The Supreme Court of Canada could force Quebec into step with the rest of the country on Friday when it releases an important decision on whether common-law partners have a right to spousal support.

Legal experts say that such a ruling could have repercussions for about 1.2 million Quebec residents – the largest concentration of unmarried couples in the world.

"Every other Canadian jurisdiction has created spousal support obligations between common-law partners, so Quebec sticks out on this one," said Rollie Thompson, a family law professor at Dalhousie University.

However, the court could go even further, extending to common-law couples the right to a fair division of property acquired during a relationship, as married couples have.

Five provinces and territories have already taken that step. Quebec is among the provinces that have resisted this reform.
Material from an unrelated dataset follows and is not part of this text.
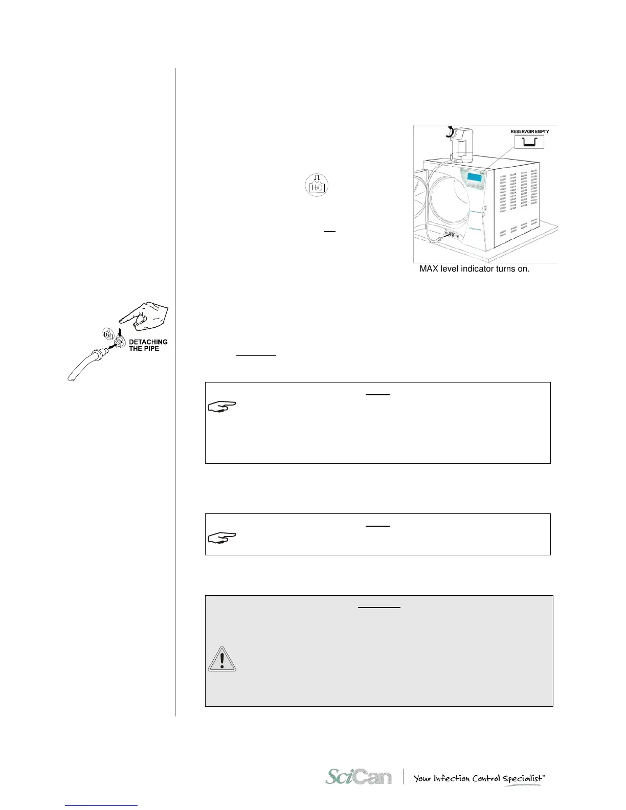 The first time the sterilizer is used or when the MIN water level indicator comes on, you will
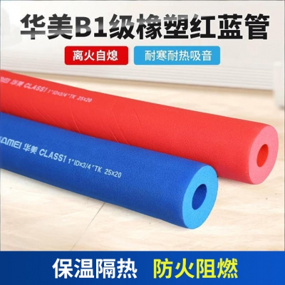 华美B1级彩色橡塑保温管空调铜管防冻耐候保温棉地暖红蓝保温管套

Friday's decision involves a billionaire and a former Brazilian model. The couple, who can be identified only as Eric and Lola, met in 1992, when she was 17 and he was 32. They had three children during their seven-year relationship.

Lola, the primary caregiver, asserts that she was unable to work outside the home. She maintained that by refusing her persistent requests that they get married, Eric effectively managed to safeguard his vast fortune.

Lola is seeking a monthly payment of $56,000 for herself, a share of the family estate and a lump-sum payment of $50-million. Her ex-partner has given her a $2.5-million home and money to pay many of her other bills.

Lola currently receives child support of about $460,000 a year.

The Quebec Court of Appeal overturned a lower-court decision that Eric did not have to pay spousal support to his former partner. In doing so, the appellate judges struck down a section of the province's Civil Code. However, they left the property division issue alone.

Many family law experts maintain the time is ripe for the Supreme Court to overrule a controversial 2002 judgment, Walsh v Bona, that denied property division rights to common-law spouses.

The Walsh decision was predicated on the supposition that common-law couples make a conscious choice to avoid the trappings and obligations of marriage.

"Choice must be paramount," it reasoned. "The decision to marry or not is intensely personal. Many ... individuals in conjugal relationships of some permanence have chosen to avoid marriage and the legal consequences that flow from it."

As wrong as most family law experts believe the Walsh decision was, they do not see it as likely that the Supreme Court will back away from it so quickly.

If the court surprises them by turning away from the Walsh ruling, it would likely cite its 1999 Supreme Court decision in the case of M v H, where the judges extended spousal support benefits to same-sex partners.

Prof. Thompson said it is folly to assume that common-law partners undertake a calculated assessment of their future. "They just leave a toothbrush at the other's place one week and, boom, 10 years later find themselves still not married, with a couple of kids," he said.

During an oral hearing for the Eric v Lola case, the Women's Legal Education and Action Fund argued that female common-law partners not only tend to earn less during a relationship, they habitually come out on the short end because property is divided unequally.

LEAF lawyers Johanne O'Hanlon and Martha McCarthy asserted that millions of people in common law partnerships also harbour an erroneous belief that spousal and property division rights apply to them.

Women are frequently shocked to discover, after separation, that their failure to marry their former partner is going to leave them with little on which to live, Ms. O'Hanlon and Ms. McCarthy said.